In fact, a part of Stiles is actually, stupidly, rather pleased with the attention Peter’s giving him. He feels like a priority, something important and it’s been so long since he felt like that…he just knows that’s the omega in him speaking, and firmly tells himself to knock it off.

“What is this place, anyway?” Stiles asks., figuring that, having nearly a decade and a half on him, Peter probably knows. He doesn’t mean to be quiet, rarely ever is, yet something about this house reminds him of the Juniper Mausoleum he had to pass every time he went to visit his mom’s grave.

Peter is silent for long enough that Stiles labels it as hesitation, and opens his mouth to pester, when Peter finally talks.

“It’s my grandparent’s house.”

Stiles actually has to repeat the words back to himself before it sinks in.

“Wait what?”

Peter huffs a sigh. “Of all the things – yes Stiles. My grandparents lived here. Happy?”

“No. I’m wet and I’m cold – what the hell happened to this place?”

“…”

“Peter?”

“They died.”

Well, Stiles considered, wincing. Didn’t that just make him feel like a dick.

“Was it…?” He isn’t sure what he want’s to ask. Was it the fire? Hunters? What?

And it’s like Peter reads his mind. As the man maneuvers them up a flight of waterlogged stairs and into a room that Stiles is happy to see has all it’s window intact, Peter talks.

“It wasn’t the fire,” he begins. “Though my father, Talia and I were never completely convinced that Hunter’s weren’t involved. They died when I was twelve. Car accident, head on collision with a truck.” He pauses, falling silent, and Stiles stands still as Peter drops his hand and moves away, heading towards what Stiles thinks might be an armchair. “When they died… there are wards up around the clearing, still are. When they died, this place, the house, the garden, everything, vanished. Like it had never been here. We spent years looking. We could never find it.”

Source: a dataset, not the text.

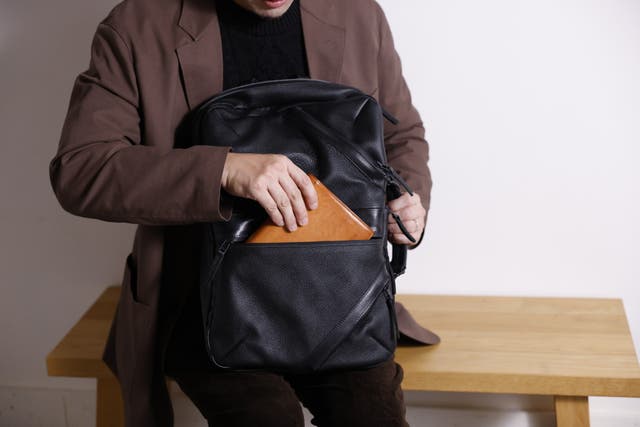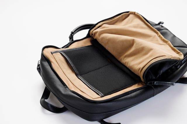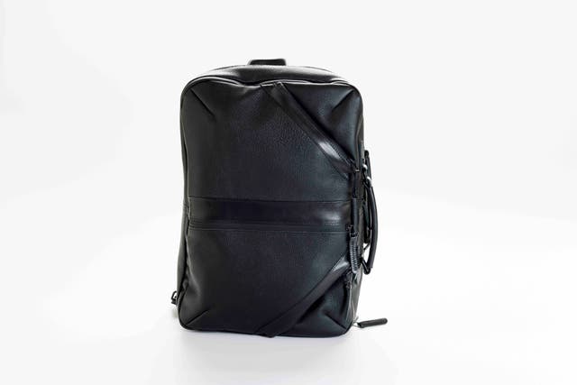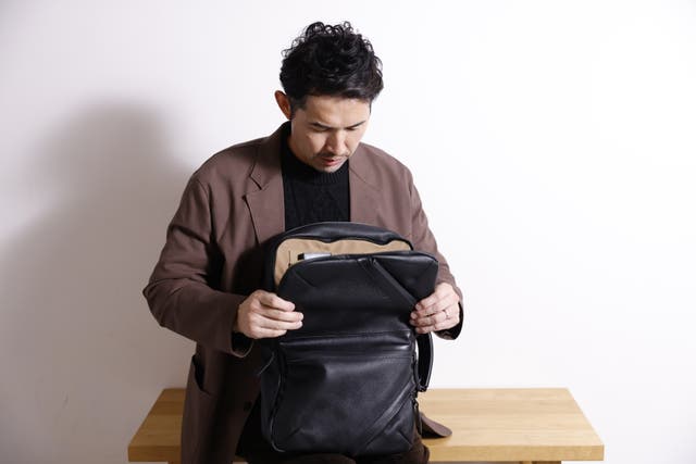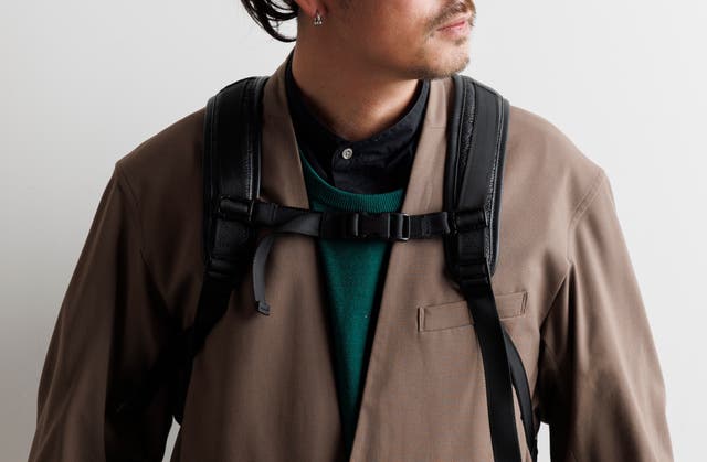 前回のバッグに比べ、マチを約5cm小さくし、一般的なリュックのサイズに近づけました。また、全面レザーから後面を高密度ポリエステル素材を使い軽くなりました。

He watches Peter run his hands over the fabric and imagines the man must be trying to finds hints of familiar scents, doubts he’ll find anything after so long.

Stiles is lost for words. They’re friends now – inasmuch as they wind up beside each other at pack meetings, and have a joint order at an Italian place that Stiles loves but can’t afford regularly and eats whenever he joins Peter for research at his apartment – and Stiles has seen him with all manner of expressions and yet, this is maybe the most human Peter has ever been.

So he says, “I’m sorry,” and Peter waves his hand.

“It was a long time ago,” Peter says, voice light in a way that Stiles knows means the total opposite. Peter pauses, then adds, “My mother was with them, in the car.”

“Jesus,” Stiles mutters before he can stop himself. “You don’t have to, like, talk about it, or anything, not if you don’t want to.”

“Don’t you want to hear my story, Stiles?”

There’s an edge to his words, somethings Stiles can’t place, which makes him tip up his chin, makes him bristle like he’s been insulted. “Only if you want to tell it,” he says.

And maybe it was the right thing to say, because Peter seems to relax, shoulders no longer hunching forward, and he let’s out a quiet sound that might’ve been a laugh under different circumstances. “What’s a little more tragedy between us, right?”

Stiles snorts, and eases into the room, dropping his worry like yesterday’s laundry by the door. There’s still a part of him that’s tense, keyed into every sound, every creak, but he’s not alone; he’s got Peter and, honestly? That’s kind of reassuring.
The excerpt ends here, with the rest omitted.